Obviously is a stoner sport. I just got started with it a few weeks ago and I'm hooked! There has got to be a decent amount of people on here that play... Let's hear some stories, techniques, or anything else related.


----------



## Ninjagrow89 (Nov 11, 2012)

Disc Golf is awesome. I have been playing since i was six. I am 23. I have only got one ace (hole in one). The sport is becoming more popular every year. I cant begin to describe every aspect of it. I am from Seattle, WA there are many great courses around there. I live in N Idaho right now and had to build a course on our hill because of the lack of them out here. Anyways i hope you stick with it. FOLF!


----------



## VLRD.Kush (Nov 11, 2012)

There's a few courses around my house here in SC. But only 2 of the 6 or so are good/maintained. Here's a shot of the main course I play.

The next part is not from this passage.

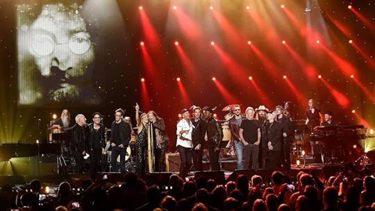 Steven Tyler and Eric Church brought the crowd to their feet with their rendition of "Revolution," but that was true of just about every performance, and the incandescent words they conveyed. I'd forgotten how brilliant the lyric of "Mind Games" is - with its talk of "mind guerrilla" and "druid dudes" - until Eric Church sang it and lifted the veil. But that was also the case with Aloe Blacc's "Watching the Wheels" - first time I've heard him, he has a fantastic voice, by the way - and even Sheryl Crow's "Hard Day's Night" had a real plain-spoken elegance, harkening in a way to Woody Guthrie.
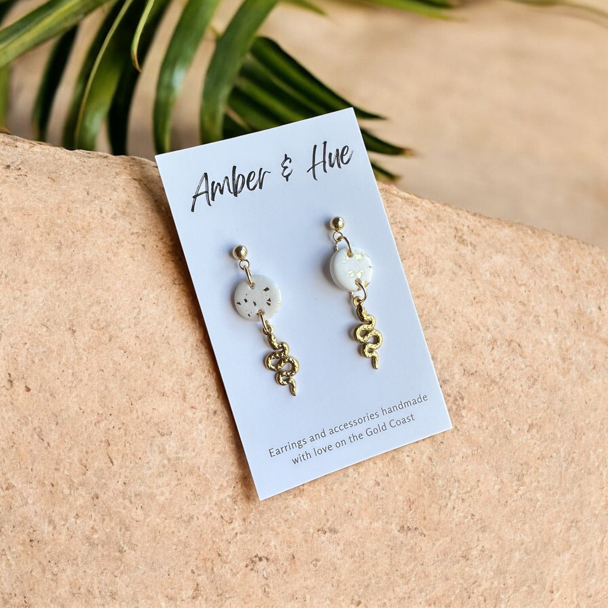 Embrace a touch of sophisticated mystique with these mesmerising White & Gold Snake Dangle Earrings, handcrafted from polymer clay. Each earring features a sinuous snake charm, adorned with shimmering gold details, gracefully dangling from a sleek white base.

It's a bitch for beginners because of all the water. I've lost probably 4 of the 8 disc I've bought in the water there. It's hella fun. Hole 13 you start off throwing through trees that are like a field goal, then they have two choices for baskets, a hanging one or a buried one.


----------



## CSI Stickyicky (Nov 11, 2012)

Disc Golf is awesome!!!! I have been playing since about '05, i have over 20 discs, but i have about 5 or 6 go to discs, that i always use. Star Destroyer 175 for most long drives, Aviar-X for mid range, and longer mid-range i use a Champion Eagle or a Champion Beast, they are both really stable, and go straight. For flicking to the right, i use a Discraft Flick 172; a really overstable disc. Short range: Aviar-X Juliana Carver edition. Real close shots and turbo putts: Discraft X-Putt.


----------



## VLRD.Kush (Nov 11, 2012)

See I'm still learning all of the disc's flight patterns. I lost a Star Beast yesterday :/ brand new... I also bought a Star Orc 171 that I'm learning to love. It's pretty straight up until the last 10yards or so. My Wraith 171 is my go to though. Love Wraiths!


----------



## VLRD.Kush (Nov 11, 2012)

and a heads up, Dicks Sporting Goods sells disc. Turns out they mislabel a lot of them for the wrong prices. I guess there's so many and they all look alike that the employees get confused


----------



## CSI Stickyicky (Nov 12, 2012)

Yea, Orcs are fun, but i rarely use mine. I have a few Wraiths, too. Been to Dick's. They sell discs at the 7-11 right next to my local course, and there are better prices than Dicks. Sometimes, there will be vendors right at the course. I got one of my favorite discs from a guy selling discs out of the back of a van, brand new for $10.


----------



## VLRD.Kush (Nov 12, 2012)

That's whats up. Know of any good online vendors? PM me if so please.


----------



## VLRD.Kush (Nov 19, 2012)

Lost my Star Orc today... about to get a bunch of used ones offline tonight


----------



## Alphakronik (Jan 25, 2013)

VLRD.Kush said:


> That's whats up. Know of any good online vendors? PM me if so please.



I go through the Disc Golf Center website. Best prices I've found. Sometimes, Marshall Street will beat them on a sale however.

Chain-Bangers Unite!


----------



## Mookjong (Jan 25, 2013)

Hell ya! Disc Golf is really big around my way. 

I keep 2x Star Wraiths in my bag aswell as 2x champ orcs.. Great discs!! I've found my FLX Avenger SS 167-168 is perfect for learning Hyzer-flips.. Straight off the rack too. 

NukeOS is an Amazing flick' disc aswell as long hyzer shots.. Gotta have a seasoned arm to throw it tho.

Buzzz FLX .5 Best disc ever made!! 

Mvp Ion, just a god like putter guy that hates to miss...


Pro Tip: Hang a heavy blanket somewhere to practice your drive shot "Rip". Helped me WAY more than that towel snapping drill..

I buy most of my plastic used on CL. Half the price and they're already broken in!


----------



## biglungs (Jan 27, 2013)

de laveaga santa cruz


----------